Monday, March 21, 2011

Entry 3

        I read a story about Jane Yoder, a woman who lived during the great depression. People couldn’t afford anything during this time, not food, clothing, or housing. Boots were especially hard to come by. Yoder described her reaction to rich and how they live, “What is this thing?…some of the people that I know have thirty blouses. Oh, my God, I have no desire to think where I’d hang them. For what? I can’t even grasp it” (Terkel 128). Yoder couldn’t understand why some people are living the life of luxury and others are struggling to survive.
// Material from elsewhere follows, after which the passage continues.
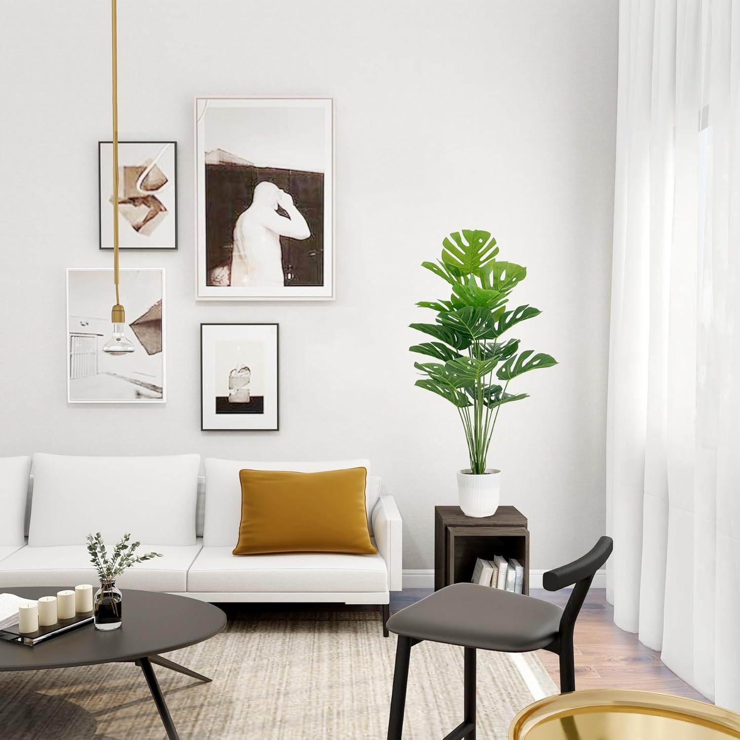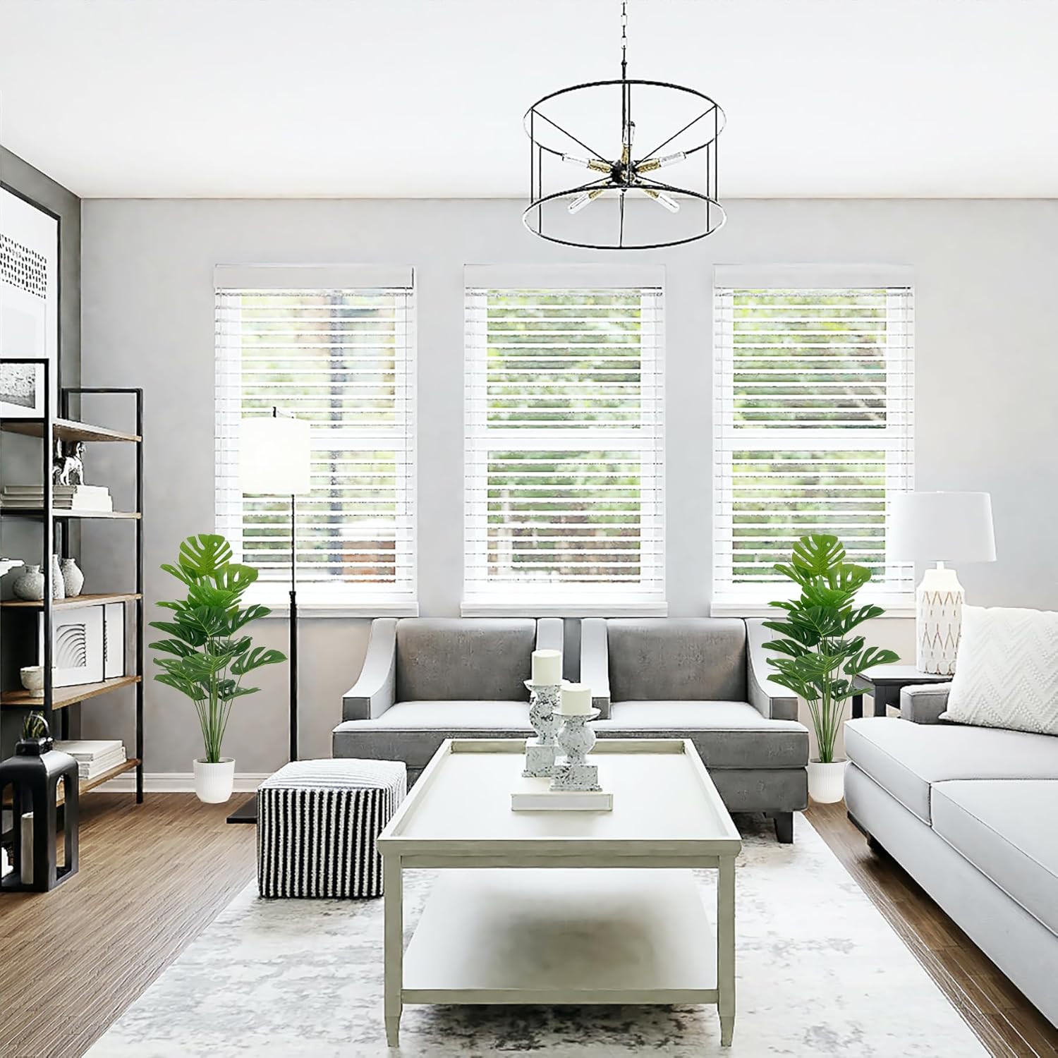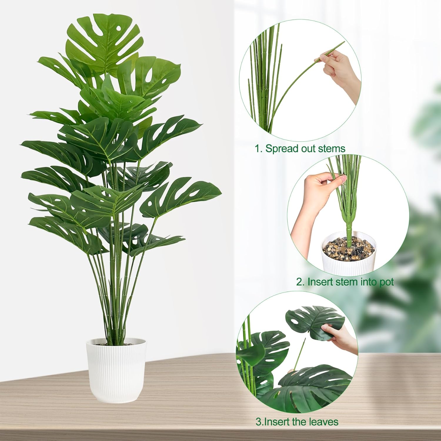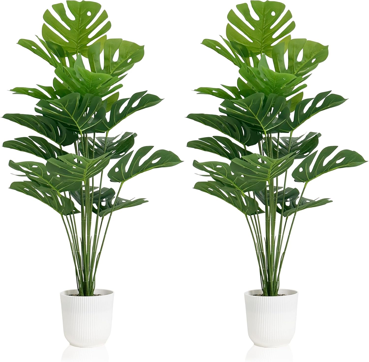 Packaging and Size: The package comes in 2 set of artificial monstera plants, including 2 white plastic pots with small stones, 2 stems of plants and 2 set of greenery leaves. Each of artificial monstera plants measures 32 inch long, 8 inch wide.
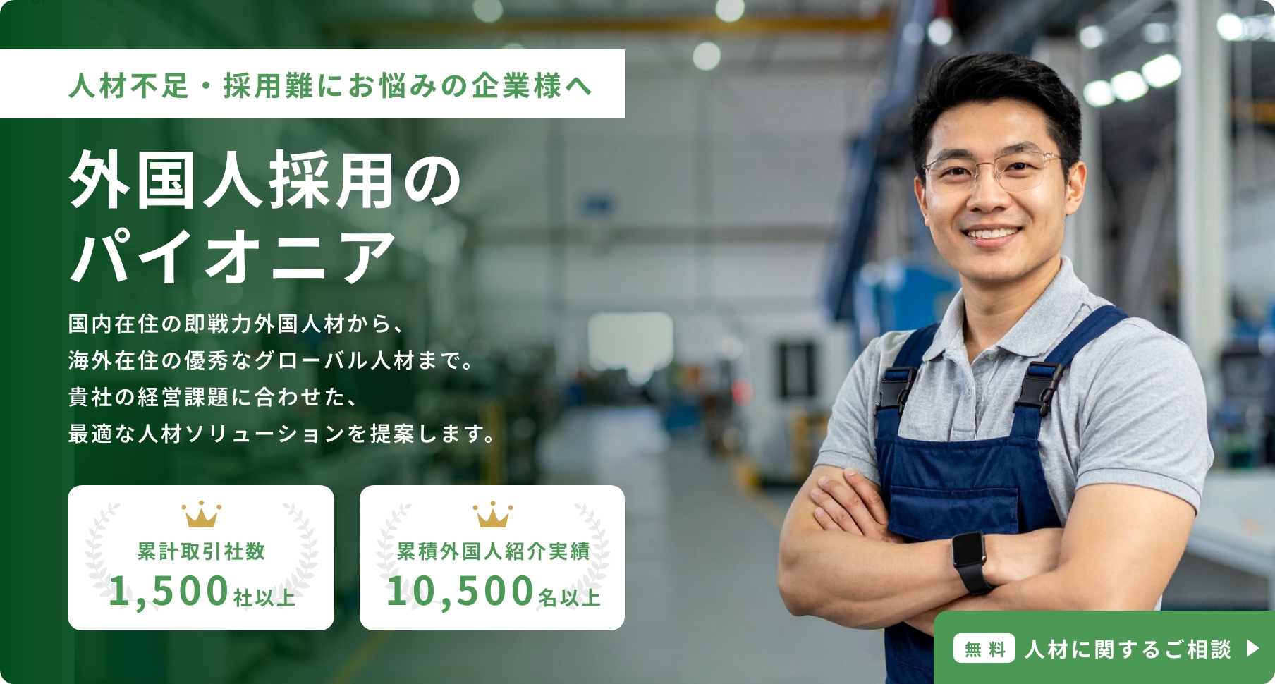 製造、介護、宿泊などの現場で即戦力となる特定技能外国人を採用から定着までサポートします。ベトナム・インドネシアをはじめとする真面目で勤勉な人材をご紹介し、現場の人手不足を解消します。

This relates to the wedge that was driven into society during the industrial age; there were only two groups of people, those who existed above the wedge and those who existed below it.
        I also read a story about Peggy Terry, a woman who lived in Oklahoma during the dust bowl. Times were even harder for people living in the dust bowl; crops, buildings, and lives were destroyed. Terry described her experience, “These storms, when they would hit, you had to clean house from the attic to ground. Everything was covered in sand. Red sand, just full of oil” (Terkel 139). Resources were scarce. Terry recalls that there were several suicides because sand storms made living almost impossible. Terry’s husband went to Washington D.C., to support the bonus army because he was a WWI veteran. It would seem that people living in the dust bowl had a much harder time trying to survive, then people who lived in poverty in the cities.   

1 comment:

  1. Price- Your analysis of these stories is very accurate. The Great Depression really allowed people not to take anything for granted, forcing them to utilize all of their available resources to ensure their own survival. Perhaps it is wrong of Yoder to have looked at the lives of the wealthy in envy. As they say, "The grass is always greener on the other side."